◆ **ASSIGNMENT**
Copy out the records precisely, omitting pictures.

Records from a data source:

· · · · ·

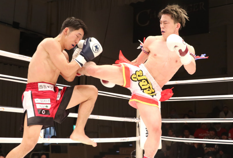 優心はミドルキックからヒザ蹴りで優位に立った
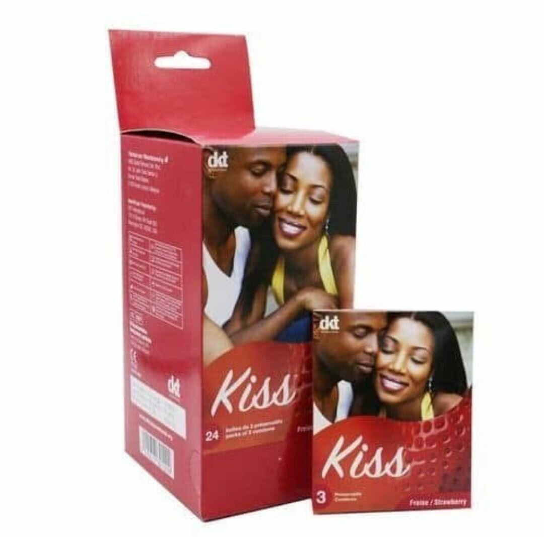 Lot de 24 préservatifs kiss Masculin Lubrifiés Légèrement perlé 72 préservatifs (24 paquets)
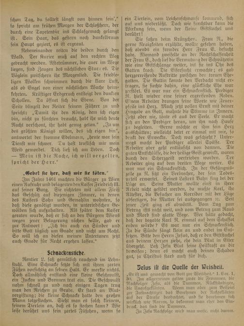 Sie saßen beim Kränzchen. Frau N., die gerne Neuigkeiten erzählte, wollte gesehen haben, daß abends ein fremder Herr Frau E. besucht habe. Niemand zweifelte an der Rechtschaffenheit der Frau E., doch lief die Vermutung der Schwätzerin wie eine Giftschlange weiter, bis sie ins Ohr des Gatten kroch. Die Eifersucht erwachte; es gab herzzerreißende Auftritte zwischen den treuen Ehe— gatten. Die Gattin konnte den Verdacht nicht er— tragen, sie siechte dahin, eine glückliche Ehe war zerstört. Es war nur ein Schnackenstich. Prediger R. hielt wieder eine seiner ergreifenden Reden. Einem Arbeiter drangen seine Worte wie Feuer— pfeile ins Herz. Mach jetzt vollen Ernst mit deiner Hingabe an Gott, mahnte die Stimme im Innern. Jetzt oder nie, tönte es aus der Seele. Er macht sich an den Prediger heran, um ihn nach Hause zu begleiten. Gerne möchte er ihm sein Herz ausschütten; vielleicht betet er einmal mit mir, so
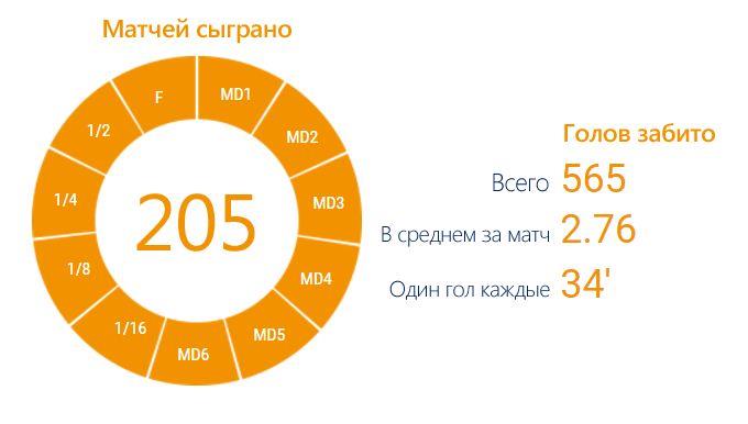 Всего было сыграно 205 матчей, учитывая все раунды квалификации, групповой этап и плей-офф. Команды сумели порадовать зрителей 565 голами.
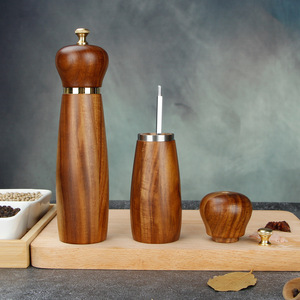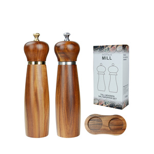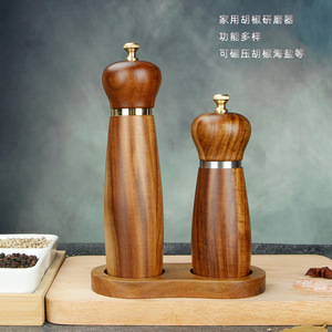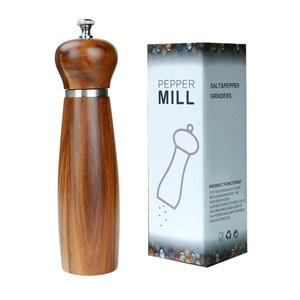 木製ペッパーグラインダー、スチールリングペッパー、海塩、スパイスグラインダー、セラミックコアグラインダー、無垢材スパイスボトル
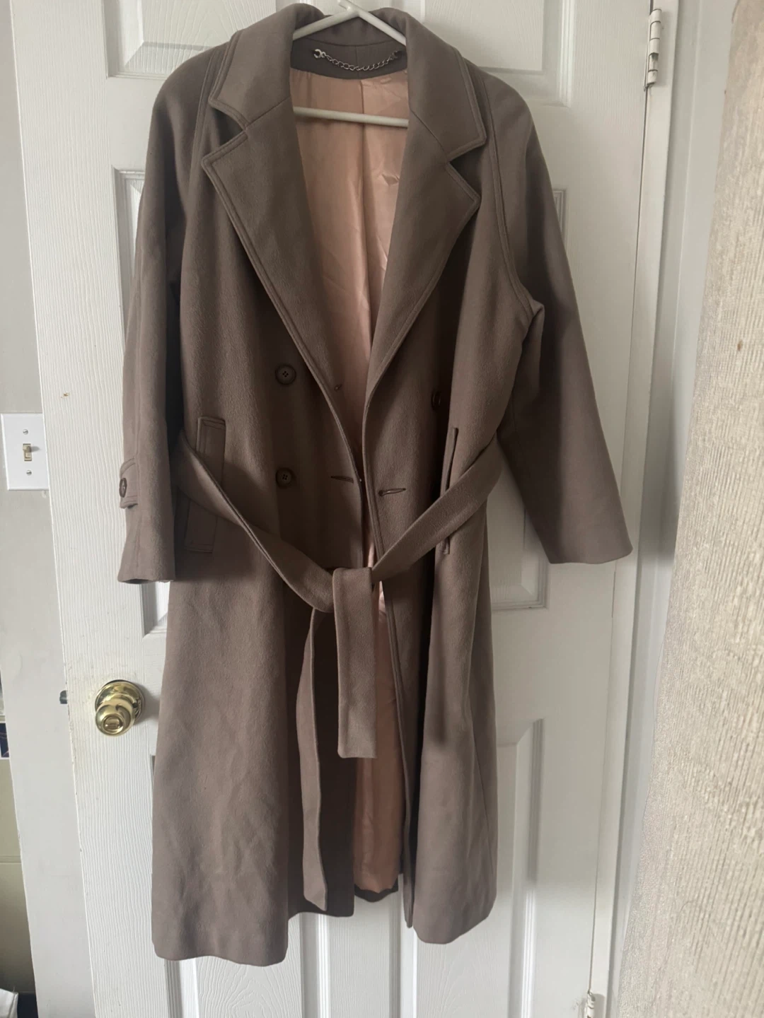 Brown/camel/neutral belted Wool trench coat
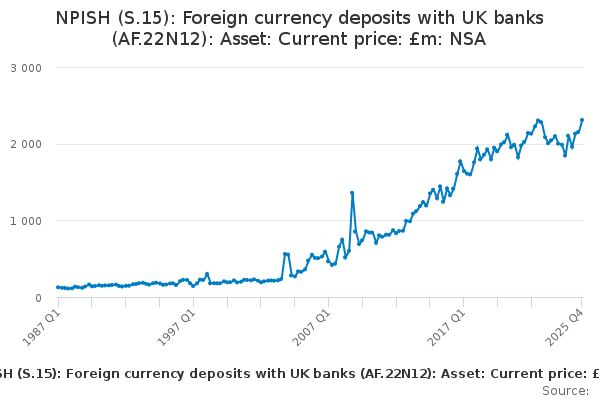 Download this time seriesNPISH (S.15): Foreign currency deposits with UK banks (AF.22N12): Asset: Current price: £m: NSA
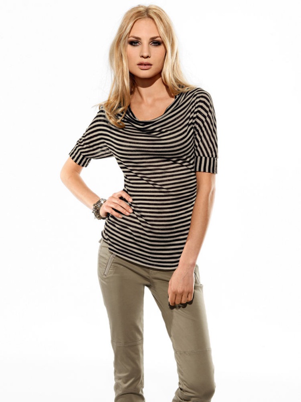 Женская кофта в полоску, Heine. То, что нужно для модниц! Красивая деталь: маленькие включенные цветовые пигменты. Слегка приталенного покроя, с выполненным воротником «водопад». Короткие рукава. Длина ок. 64 см. Подчеркивающий фигуру покрой. 93% вискозы, 5% шерсти, 2% эластана. Машинная стирка.
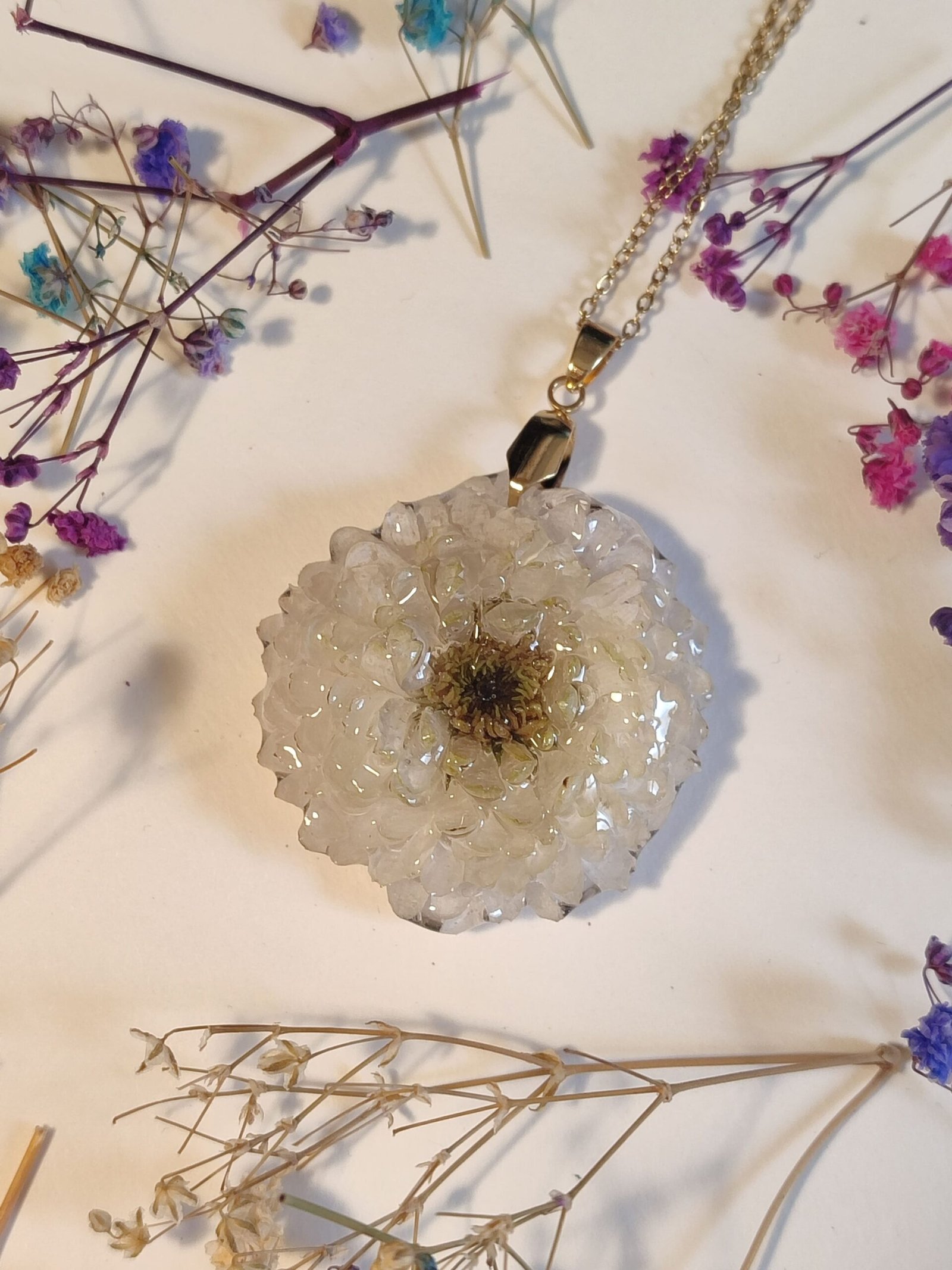 COLGANTE con UN CRISANTEMO encapsulado en resina
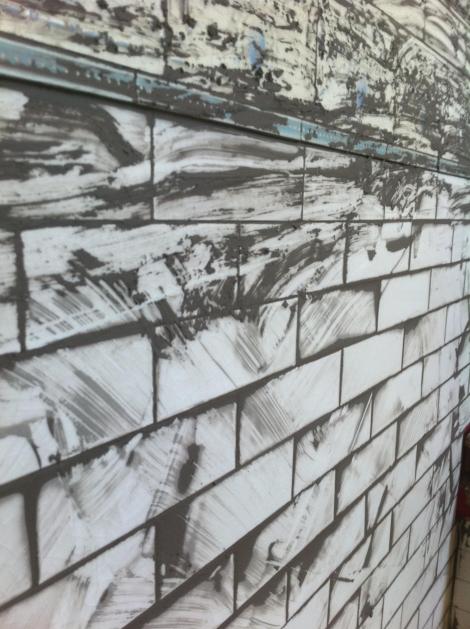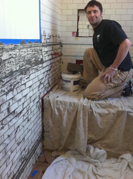 During- Rob uses the float on the flat tiles, while I glop the grout on the cap and accent tiles using a super-professional finger painting type method.

· · · · ·

◆ **RESULT OF THIS TASK**
 優心はミドルキックからヒザ蹴りで優位に立った
 Lot de 24 préservatifs kiss Masculin Lubrifiés Légèrement perlé 72 préservatifs (24 paquets)
 Sie saßen beim Kränzchen. Frau N., die gerne Neuigkeiten erzählte, wollte gesehen haben, daß abends ein fremder Herr Frau E. besucht habe. Niemand zweifelte an der Rechtschaffenheit der Frau E., doch lief die Vermutung der Schwätzerin wie eine Giftschlange weiter, bis sie ins Ohr des Gatten kroch. Die Eifersucht erwachte; es gab herzzerreißende Auftritte zwischen den treuen Ehe— gatten. Die Gattin konnte den Verdacht nicht er— tragen, sie siechte dahin, eine glückliche Ehe war zerstört. Es war nur ein Schnackenstich. Prediger R. hielt wieder eine seiner ergreifenden Reden. Einem Arbeiter drangen seine Worte wie Feuer— pfeile ins Herz. Mach jetzt vollen Ernst mit deiner Hingabe an Gott, mahnte die Stimme im Innern. Jetzt oder nie, tönte es aus der Seele. Er macht sich an den Prediger heran, um ihn nach Hause zu begleiten. Gerne möchte er ihm sein Herz ausschütten; vielleicht betet er einmal mit mir, so
 Всего было сыграно 205 матчей, учитывая все раунды квалификации, групповой этап и плей-офф. Команды сумели порадовать зрителей 565 голами.
 木製ペッパーグラインダー、スチールリングペッパー、海塩、スパイスグラインダー、セラミックコアグラインダー、無垢材スパイスボトル
 Brown/camel/neutral belted Wool trench coat
 Download this time seriesNPISH (S.15): Foreign currency deposits with UK banks (AF.22N12): Asset: Current price: £m: NSA
 Женская кофта в полоску, Heine. То, что нужно для модниц! Красивая деталь: маленькие включенные цветовые пигменты. Слегка приталенного покроя, с выполненным воротником «водопад». Короткие рукава. Длина ок. 64 см. Подчеркивающий фигуру покрой. 93% вискозы, 5% шерсти, 2% эластана. Машинная стирка.
 COLGANTE con UN CRISANTEMO encapsulado en resina
 During- Rob uses the float on the flat tiles, while I glop the grout on the cap and accent tiles using a super-professional finger painting type method.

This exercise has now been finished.